Document - Burundi: Arbitrary detention/Prisoner of conscience: Térence Nahimana (m)
DOCUMENT PUBLIC AFR 16/007/2006 – ÉFAI
AU 147/06
Avertissement : Amnesty International
défend des individus sans prendre position ni sur leurs idées
ni sur les organisations auxquelles ils pourraient adhérer.
ARRESTATION ARBITRAIRE / PRISONNIER D'OPINION
|
BURUNDI |
Térence Nahimana (h) |
_________________________________________________________________________________________________
Londres, le 25 mai 2006
Térence Nahimana, militant en faveur de la paix, doit répondre de charges passibles de vingt ans d’emprisonnement. Ces derniers temps, les autorités burundaises ont harcelé et tenté d’intimider des défenseurs des droits humains, en particulier ceux qui les avaient critiquées, et Amnesty International craint qu’un grand nombre de personnes ne soient placées en détention sans autre motif que d’avoir exercé leur droit à la liberté d’expression.
Térence Nahimana est le directeur du Cercle d’initiative pour une vision commune (CIVIC), une organisation non gouvernementale (ONG) qui s’efforce de promouvoir la paix et la résolution du conflit burundais.

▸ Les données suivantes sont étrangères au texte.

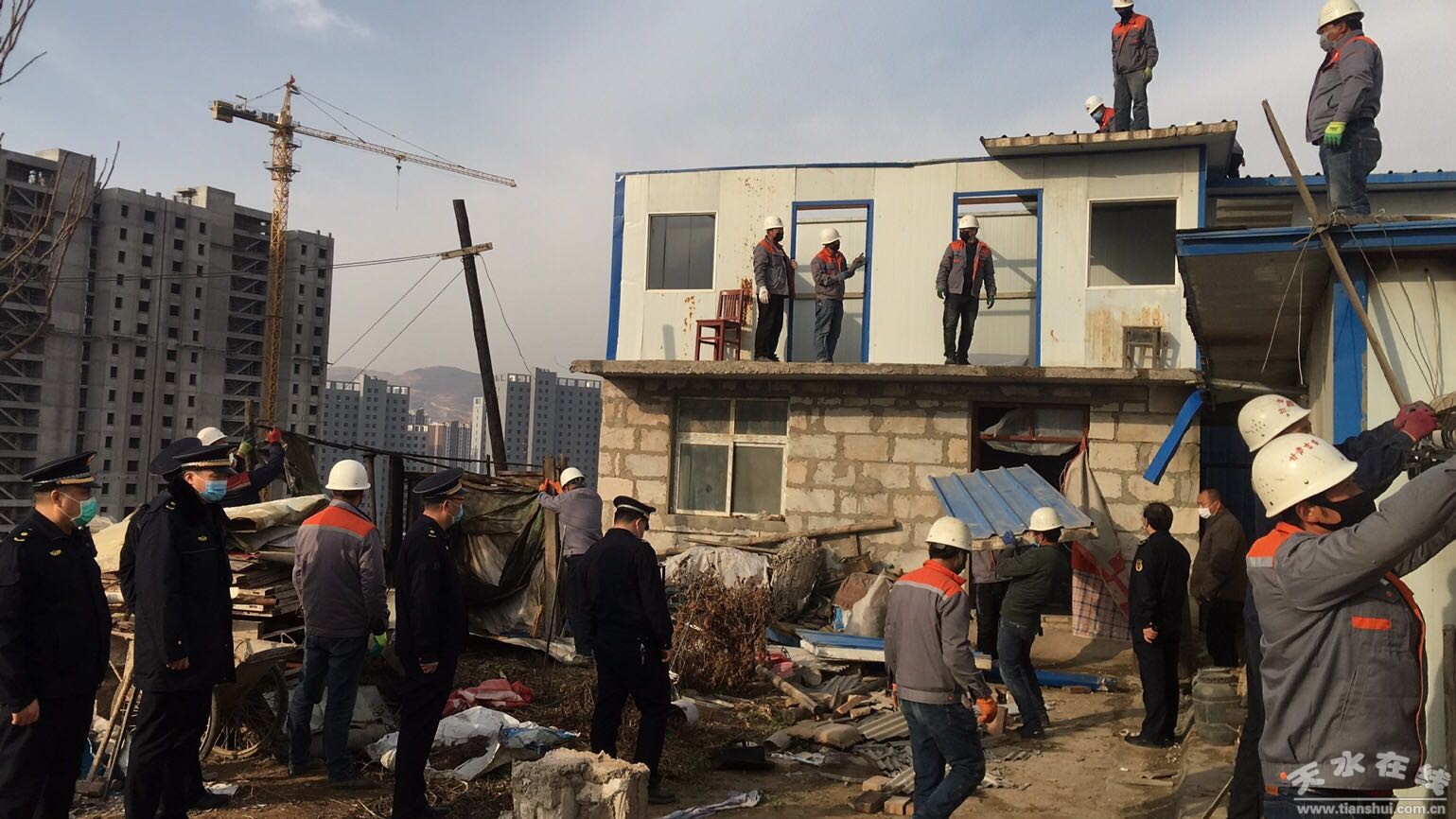 一手抓疫情防控,一手抓生产建设和复工复产。连日来,机场南路及北山生态景观长廊建设现场机械轰鸣、如火如荼,平整场地、拆除违建、恢复耕地以及植树绿化都在热火朝天进行着。秦州区执法局根据区委、区政府统一安排部署,在玉泉镇、自然资源局、卫计局以及公证处等部门的大力配合下,全面开展违法建设的整治工作,彻底清理北山生态景观规划区的各类违法活动板房和临时建筑,为机场南路及北山生态景观长廊建设提供强有力保障。

Le 5 mai, dans une lettre au président Pierre Nkurunziza, il a reproché au gouvernement de retarder délibérément les négociations de paix avec le dernier groupe d’opposition armé à opérer dans le pays, les Forces nationales de libération (FNL). Faisant référence à la présence de ce groupe dans la République démocratique du Congo (RDC) voisine, Térence Nahimana a suggéré que le gouvernement envisageait de recourir à ce prétexte pour envoyer des troupes dans ce pays. Le lendemain, il a exprimé les mêmes opinions lors d’une conférence de presse.
Térence Nahimana a par ailleurs reproché au gouvernement d’entraver les pourparlers avec les Nations Unies au sujet de l’établissement d’une commission vérité et réconciliation chargée d’examiner les crimes de guerre et les crimes contre l’humanité qui auraient été commis dans le passé. Selon lui, le gouvernement craindrait que certains de ses membres ne soient mis en cause par une telle commission.
Térence Nahimana a été arrêté le 9 mai par la Documentation nationale (DN), les services de renseignements généraux. Il a été libéré au bout de trois heures d’interrogatoire, mais a de nouveau été appréhendé le lendemain et placé en détention au siège de la DN à Bujumbura, la capitale. Le 15 mai, le ministère public l’a formellement inculpé d’« atteinte à la sûreté de l’État », en vertu des articles 404 et 428 du Code pénal du Burundi, qui portent sur lefait d’« exposer le Burundi à l’hostilité d’une puissance étrangère » et de « pousser la population contre le gouvernement et d’inciter à la guerre civile ». Térence Nahimana est actuellement détenu dans la prison centrale de Mpimba à Bujumbura.
Amnesty International considère cet homme comme un prisonnier d’opinion car il n’a fait qu’exercer pacifiquement son droit à la liberté d’expression, qui est proclamé par la Charte africaine des droits de l’homme et des peuples et le Pacte international relatif aux droits civils et politiques (PIDCP). Le Burundi est partie à ces deux traités.
INFORMATIONS GÉNÉRALES
Le Burundi sort de treize ans de guerre civile. Les Forces nationales de libération (FNL) poursuivent leurs opérations dans trois provinces proches de Bujumbura. Les négociations entre le gouvernement et cette formation progressent lentement.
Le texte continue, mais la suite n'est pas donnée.